Exercise directions >> Extract the full listing verbatim and drop any pictures from your copy.

The data >>
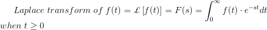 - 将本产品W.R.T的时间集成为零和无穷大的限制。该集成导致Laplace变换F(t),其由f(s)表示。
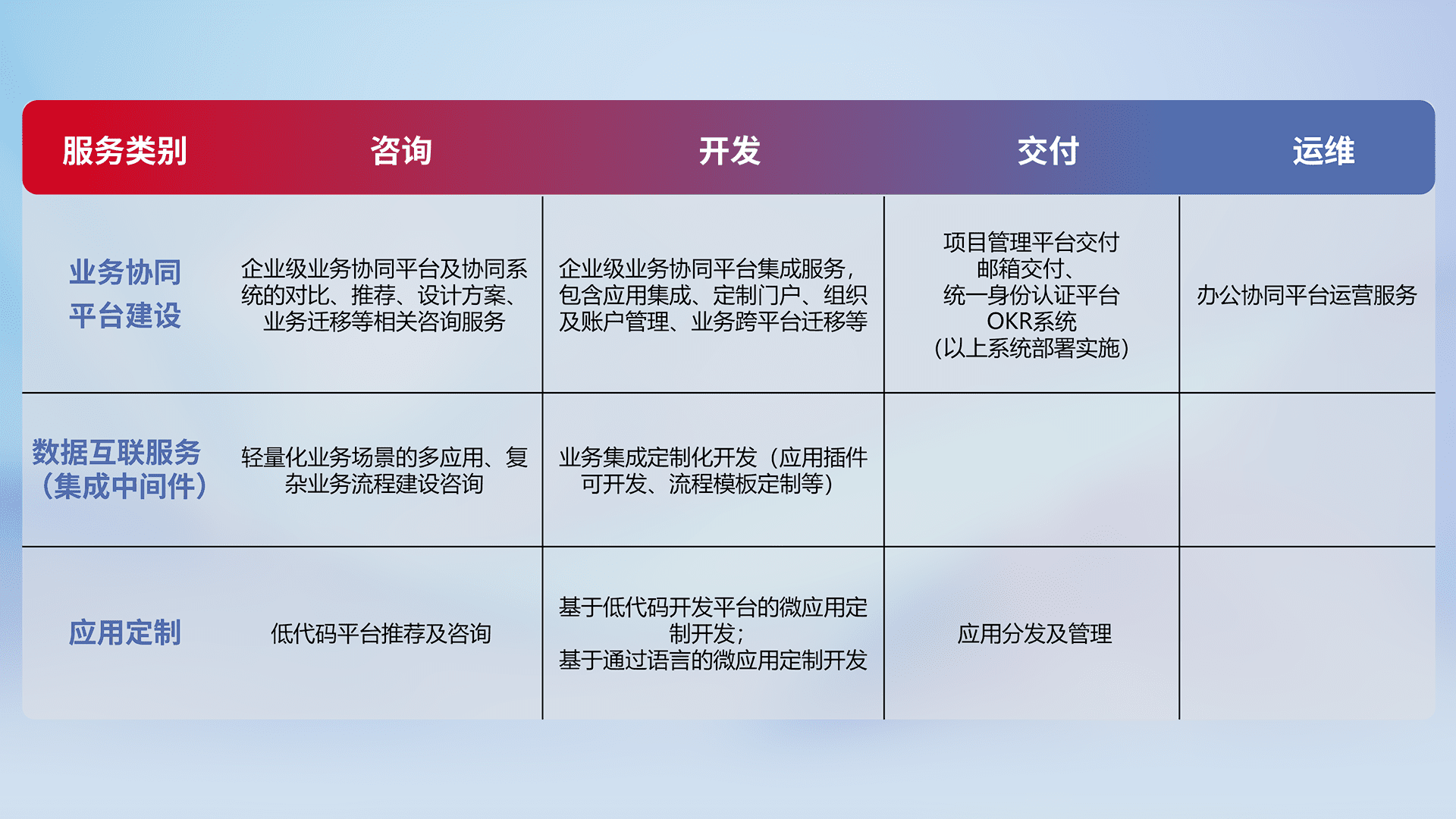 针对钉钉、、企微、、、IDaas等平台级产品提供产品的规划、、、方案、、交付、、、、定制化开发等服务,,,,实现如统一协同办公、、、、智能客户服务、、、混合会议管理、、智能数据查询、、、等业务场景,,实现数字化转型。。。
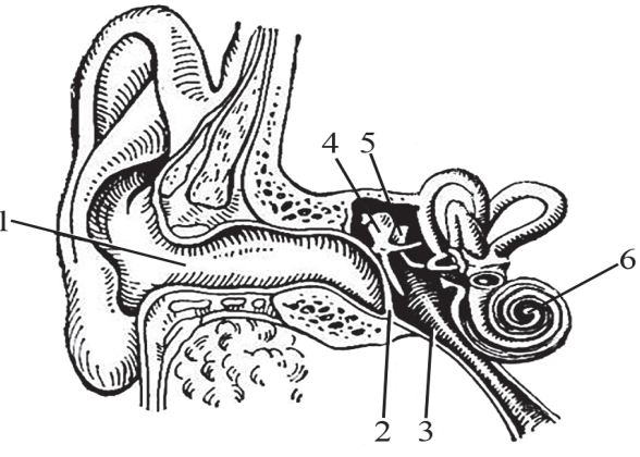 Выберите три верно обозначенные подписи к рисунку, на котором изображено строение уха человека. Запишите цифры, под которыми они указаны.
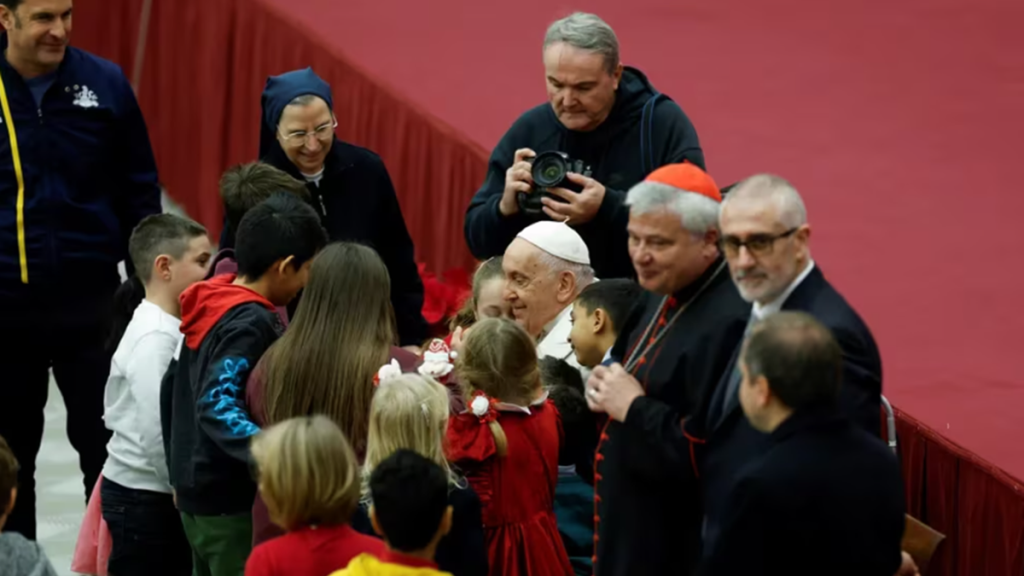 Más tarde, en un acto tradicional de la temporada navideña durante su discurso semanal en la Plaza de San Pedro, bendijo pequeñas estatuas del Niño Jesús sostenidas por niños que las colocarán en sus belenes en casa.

Solution for this task >>
 - 将本产品W.R.T的时间集成为零和无穷大的限制。该集成导致Laplace变换F(t),其由f(s)表示。
 针对钉钉、、企微、、、IDaas等平台级产品提供产品的规划、、、方案、、交付、、、、定制化开发等服务,,,,实现如统一协同办公、、、、智能客户服务、、、混合会议管理、、智能数据查询、、、等业务场景,,实现数字化转型。。。
 Выберите три верно обозначенные подписи к рисунку, на котором изображено строение уха человека. Запишите цифры, под которыми они указаны.
 Más tarde, en un acto tradicional de la temporada navideña durante su discurso semanal en la Plaza de San Pedro, bendijo pequeñas estatuas del Niño Jesús sostenidas por niños que las colocarán en sus belenes en casa.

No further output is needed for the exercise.